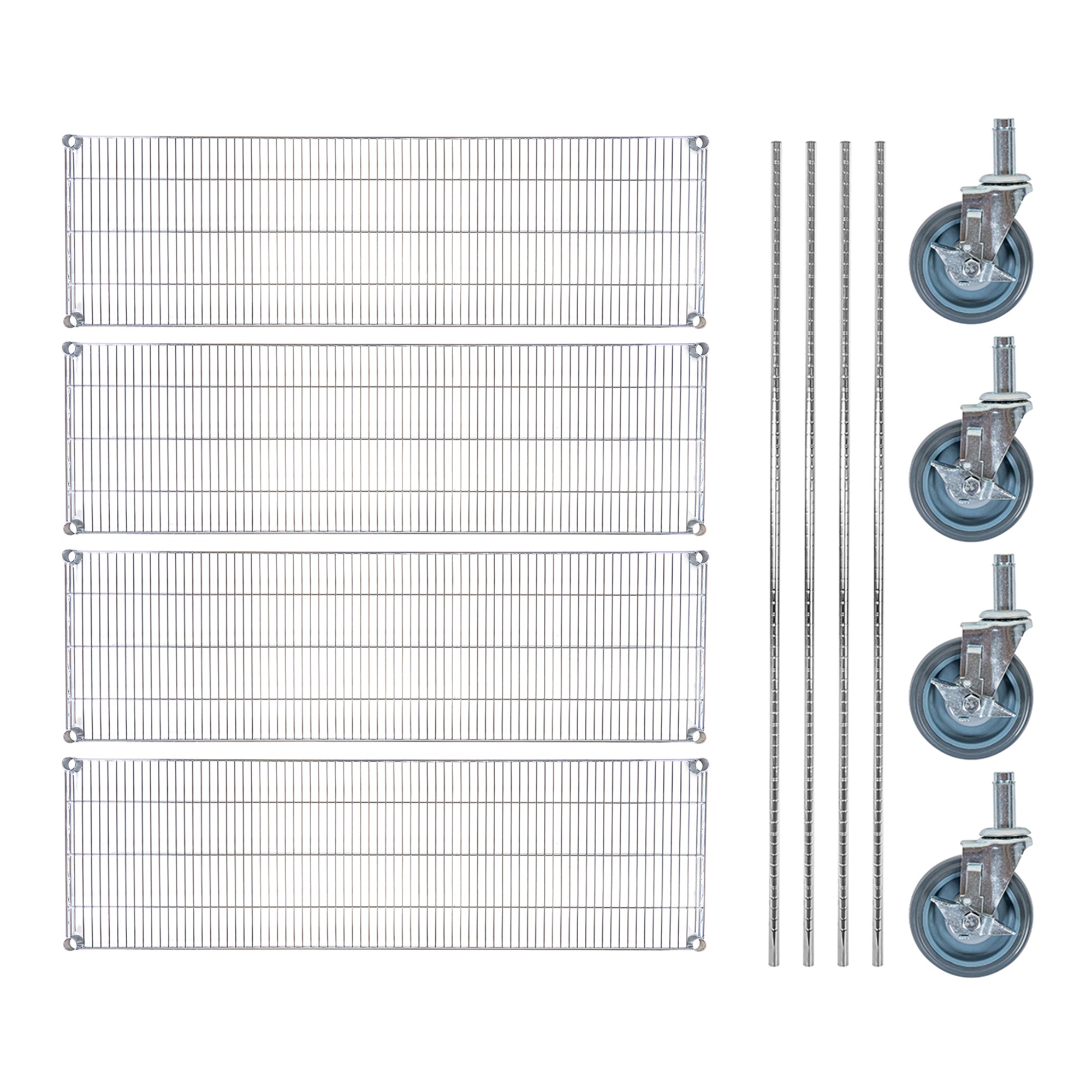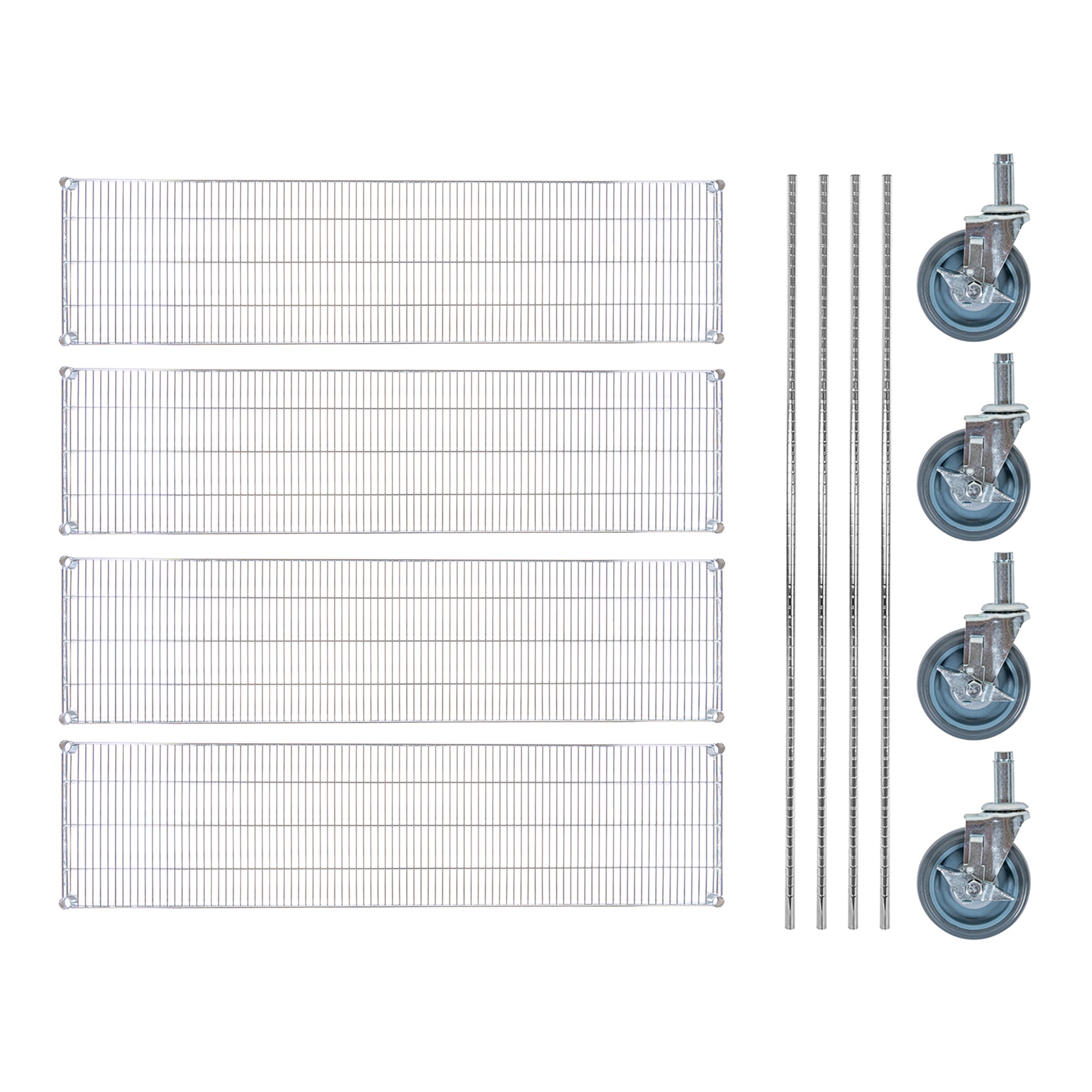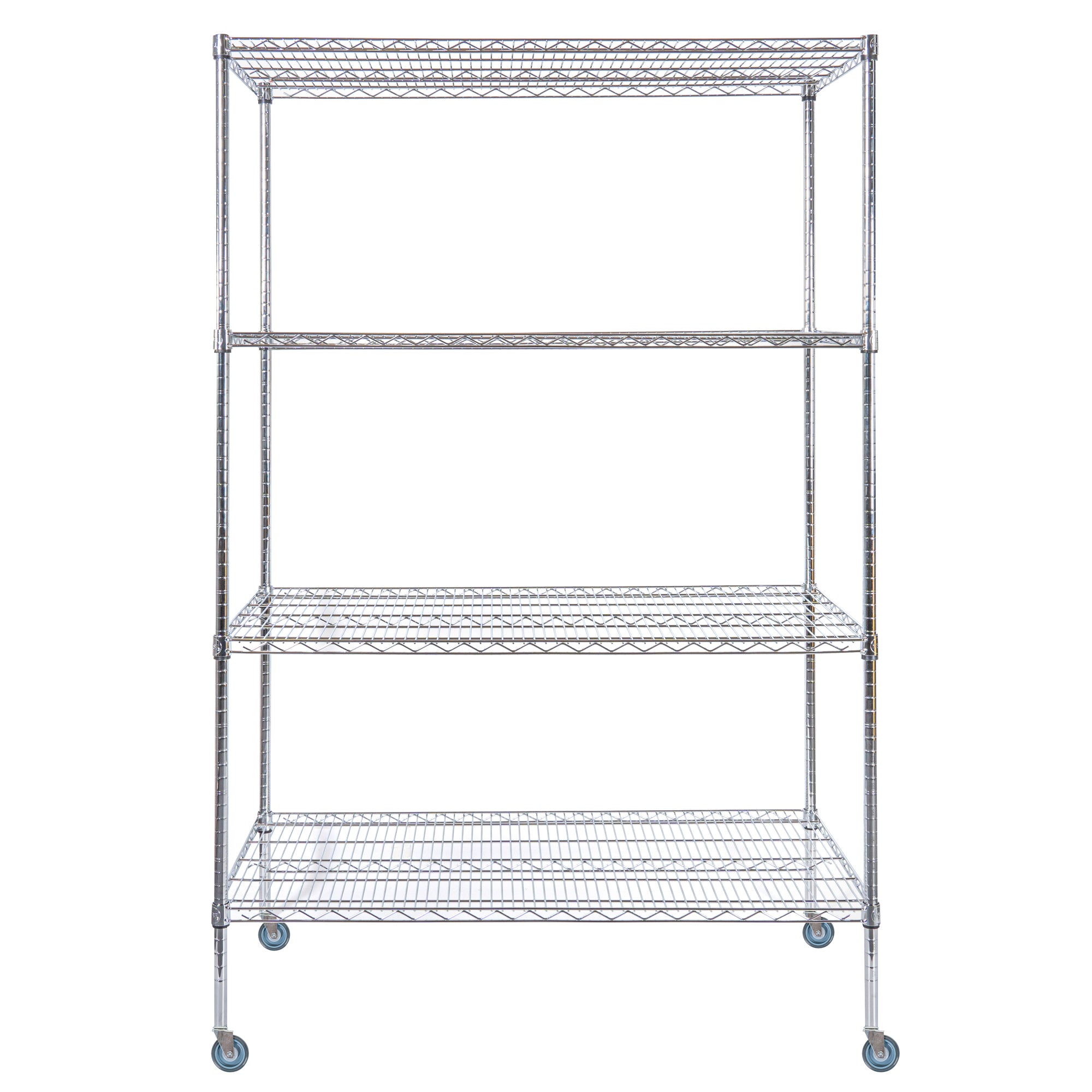 Chef 101 4-Tier NSF Chrome Shelving Unit - and 18" x 48" Shelves, 74" Posts and Casters74" x 1" x 1"BNRW0771
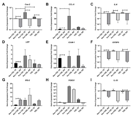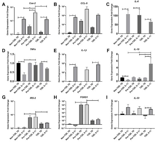 3.3. Increased COX-2, IL-6 and FOXG1 Gene Expression in IL-1β Stimulated Pre-T2D IPFP-ASCs
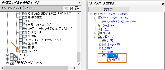[HYT タブ]が、[ワークスペースの内容]ペインの[リボン タブ]ノードに追加されます。
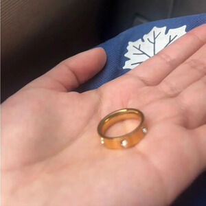 Crafted from high-quality stainless steel and finished with a lustrous 14k gold plating, this ring is a perfect blend of durability and style.
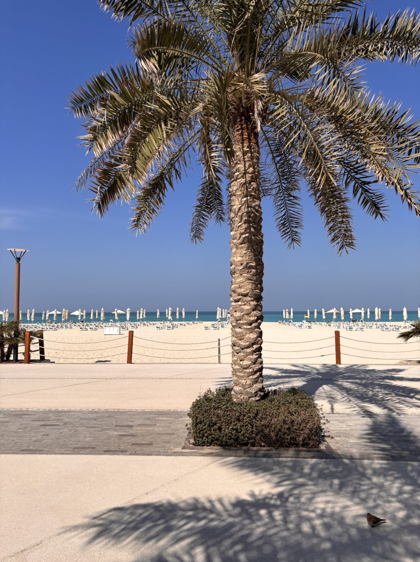 Ce qui frappe, dès de notre arrivée à l’aéroport d’Abu Dhabi, c’est cet impressionnant terminal rutilant, ouvert en novembre dernier, d’une capacité de 45 millions de passagers… L’effet saisissant du monumental est bien au rendez-vous. On constate aussitôt qu’ici propreté rime avec sécurité. On file vers notre luxueux hôtel et confortable pied à terre qui sera le St-Régis de Marriott retenu en raison de son emplacement idéal sur la périmètre de la Corniche. Pour notre première matinée, on se dirige vers la Mosquée Sheikh Zayed. Il fait 23° un 22 janvier et on est happé par la beauté sidérante de ses 1 096 colonnes incrustées d’améthyste et de jaspe, ses 82 dômes de marbre blanc de Macédoine, ses bassins réfléchissants et ses lustres Swarovski plaqués or. Cette mosquée (l’une des plus grandes du monde) détient également, un record du monde Guinness pour le plus grand tapis tissé à la main. Après cette découverte de choix, on prend la direction de l’île de Saadiyat où se trouve le Louvre Abu Dhabi, chef-d’oeuvre de Jean Nouvel inauguré le 8 novembre 2017.

• **What is needed**: When you reach the line with "3.3. Increased COX-2, IL-6" in the records above, start writing out each line exactly, and stop after the line with "Crafted from high-quality". Pictures stay out.

• **Result for this exercise**:
 3.3. Increased COX-2, IL-6 and FOXG1 Gene Expression in IL-1β Stimulated Pre-T2D IPFP-ASCs
[HYT タブ]が、[ワークスペースの内容]ペインの[リボン タブ]ノードに追加されます。
 Crafted from high-quality stainless steel and finished with a lustrous 14k gold plating, this ring is a perfect blend of durability and style.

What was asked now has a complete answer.